Mondainé, whose first official role was as a music minister, is also a pianist and singer whose group, Belief, has recorded two energetic, gospel-inspired albums and performed at the Newmark Theatre downtown.
He is an outspoken, outsize personality who needs little time to warm up at the pre-sunrise services, which have become the basis for a planned series of books called “The 5 a.m. Chronicles.”
On a recent morning his amplified voice rebounded sharply off the walls inside Celebration Tabernacle as he hectored two dozen sleep-deprived souls, tagging the end of passages with provocative exhortations.
“Did you hear what I said?” he challenges, and the faithful respond with expressions of “Yeah” and “Amen.”
Then his voice is suddenly soft and almost apologetic. “Don’t you like being screamed at at five in the morning?”
“He’s very engaging and accessible, which I think is cool,” says Megan Turvey, 19, a University of Portland sophomore in sweat pants and a hooded sweatshirt. “A lot of people, when they go to big megachurches, the pastor doesn’t even know your name. He’s visible.”
The man who can startle associates with his assertiveness one moment can shock them with his candor the next, speaking frankly about growing up poor and suffering abuses as a child.
Elliott says that while the pastor’s honesty has put off some church members, it also has helped generate intense loyalty and trust.
“My previous church had 1,000 members and tons of money,” he says. “I never saw the kind of life change I’ve seen here.”
Treading softly
The Voices project may call on every tool in Mondainé’s skill set. Residents of Nickel Mines reportedly struggled with the media attention attracted by the schoolhouse shootings, but Mondainé says he spoke to Amish leaders, who have approved of his planned visit.

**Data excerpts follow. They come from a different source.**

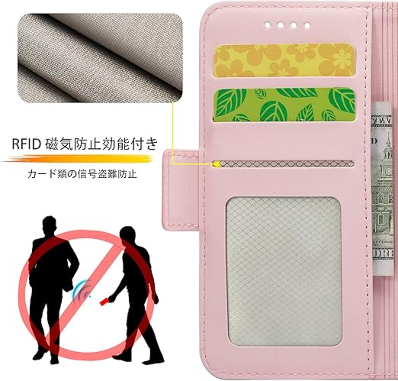 【RFID磁気防止 高品質レザー製】今回はカードポケットにRFID設計加入し、磁気カードを保護するために磁器遮断功能があり、スキミング防止、不正アクセスから大切なカード類の信号盗難防止でご財布をきちんとお守れ、クレジットカード、キャッシュカード、IDカードなどの個人情報を守れる。手帳型外部のカバーは肌感のような素材を採用しており、普通のレザーより、耐熱性と柔軟性を一
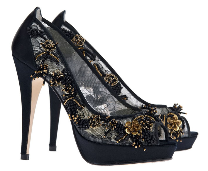 Well known for her bridal shoes, demand has finally forced this little lady to bring out an an inspirational ready-to-wear collection this season, incorporating her signature influences of Art Deco, Orientalism and the French Bohemian era. This collection is luxurious and opulent and the shoe above and below is my name sake ‘Michelle’, a stunning and elegant lace peep toe platform shoe fit for any occasion.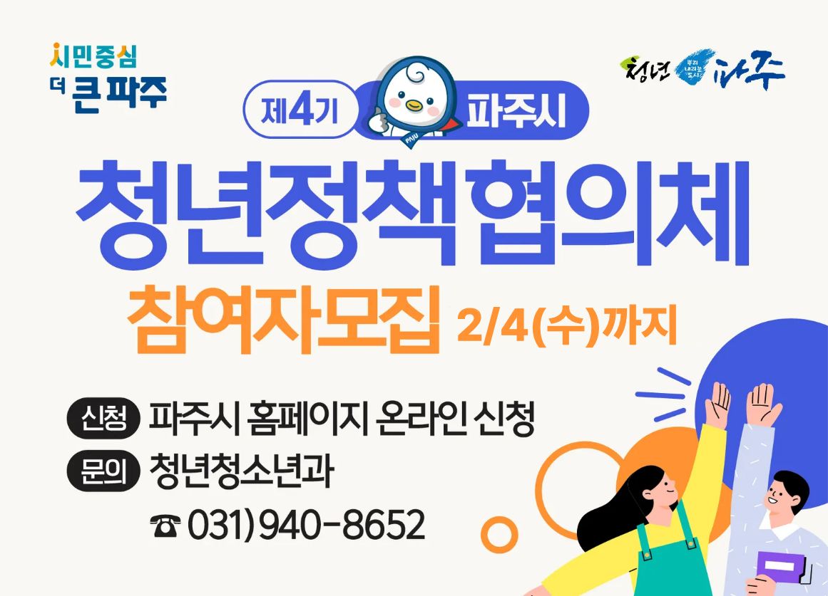 「파주시 청년 기본 조례」에 따라 파주시 청년들의 능동적인 사회참여 기회를 보장하고 소통을 통한 시민 중심의 청년정책 추진을 위해 「제4기 파주시 청년정책협의체」 구성원을 모집하오니 관심 있는 청년들의 많은 참여를 바랍니다.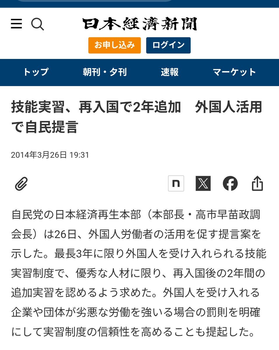返信先:@nihonpatriot▼#いやそのりくつはおかしい ❌️高市早苗「移民はいったんゼロベースで考えるつもりです」 ⭕️(@∀@)つ【2014年】自民党日本経済再生本部(本部長・高市早苗)は…外国人労働者の活用を促す提言案を示した。nikkei.com/article/DGXNAS… お前かよwww #オタクだからこそ政治を批判する
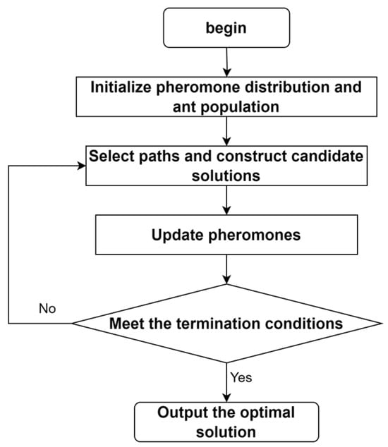 In the formula, is the pheromone concentration between paths and , is heuristic information, and and represent the importance of pheromones and heuristic information, respectively.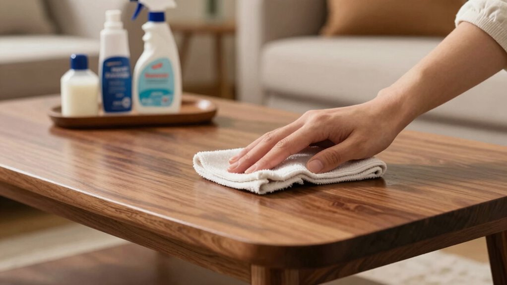 Gathering the right supplies is the first step to a quick and effective furniture maintenance routine. You want to guarantee you have everything needed for proper furniture cleaning and upkeep. Grab a soft microfiber cloth to avoid scratches, a gentle furniture cleaner suitable for your piece, and a small container of furniture polish or conditioner if needed. Having these items ready helps you stick to your maintenance schedule without delays. Avoid using harsh chemicals or abrasive tools that could damage your furniture’s finish. Keep your supplies within arm’s reach, so you can quickly wipe down surfaces and prevent dirt buildup. Preparing your supplies beforehand makes your 5-minute routine seamless and ensures your furniture stays looking fresh and well-maintained over time. Understanding furniture finishes can help you select the most suitable cleaning products for your pieces.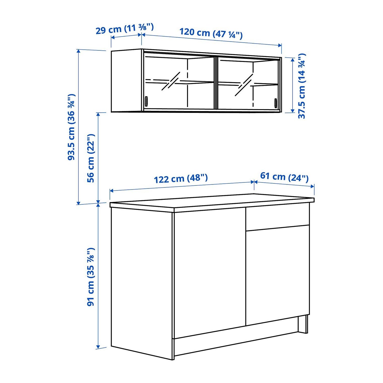 Напольный шкаф с дверцами и выдвижными ящиками/Настенный шкаф с раздвижными дверцами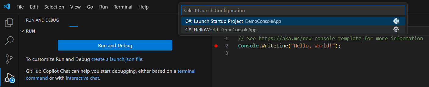 - Alternately, you can trigger dotnet run command from console to run the project without Debugging.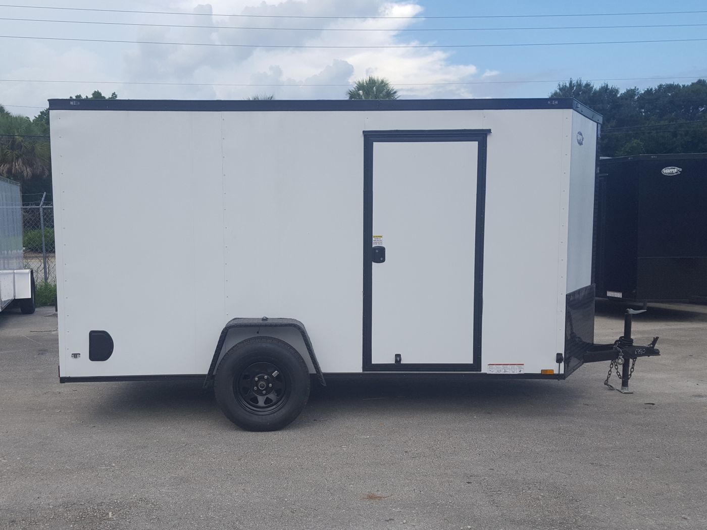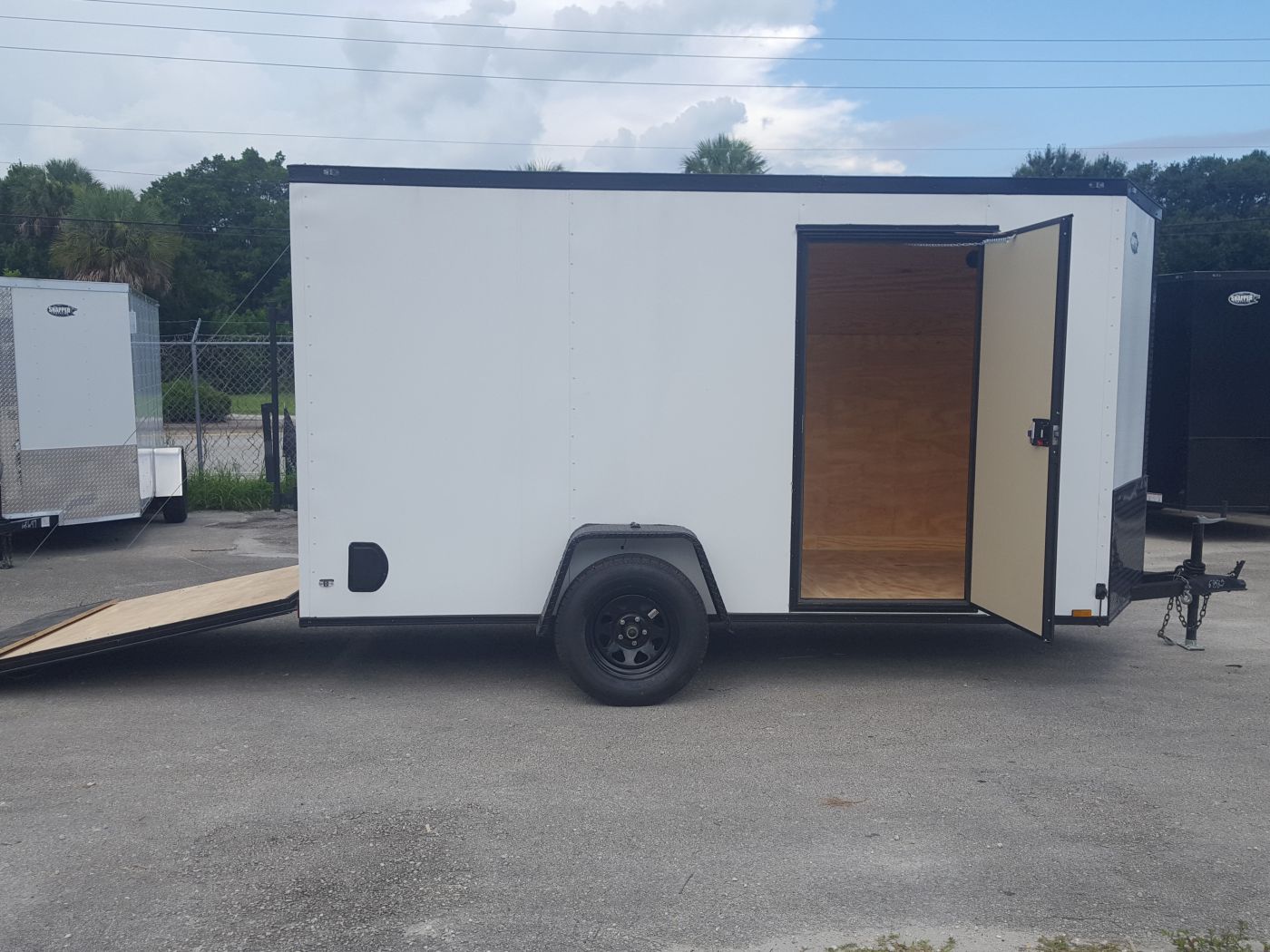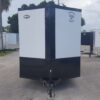 – Black Out Package – Includes Trim Around All Doors, Trim at Top and Bottom of Trailer, Stone Guard, and Vertical Trim on V-Nose, Black ATP Fenders (Does Not Include Wheels or Roof Vent) (4, 5 and 6 Wides)

“The message they asked me to pass was that the Amish community is fine,” he says. “They’re doing well. It is not for the Amish alone that we’re going. We’re going to give praise to God.”
Scott Fischer, executive director of the Lancaster County Council of Churches, says other events, including a community march, had already been scheduled to take place in the area.
“I know the Amish are very private people,” he says. “We want to be very sensitive about that. We try to be very responsible as we seek to stand with them.”
Given the sympathy he’s seen for the bereaved of Nickel Mines, Fischer says Mondainé may have trouble limiting the size of his choir. “Quite frankly, I could see it being more than 1,000,” he says. “The Lancaster community is very interested in doing whatever is possible to show our support.”
In an oft-repeated refrain, Mondainé maintains that the trouble for America’s youth began when churches, which were once centers of learning, ceded responsibility for educating children to the public sector.
Mondainé says Voices of 1,000 Angels is not about generating policy so much as ratcheting up awareness of the faith community’s responsibility to wider society.
“How can we help?” he wonders. “How can we make this better? We’re going to try to say we have to turn our empty churches into classrooms. We’re going to say to our churches, teach your people how to educate our children. We’re going to have to start understanding the manic behavior that is taking place in our societies.”
In a way, Mondainé says, Christians fail in part of their mission when they insist on prayer in schools while losing sight of the meaning behind it.
“What is the prayer intended to do?” he asks. “Let’s celebrate what that was. Let’s bring back unity, the sense of community that religion teaches. The ultimate responsibility is to each and every man to love his neighbor.”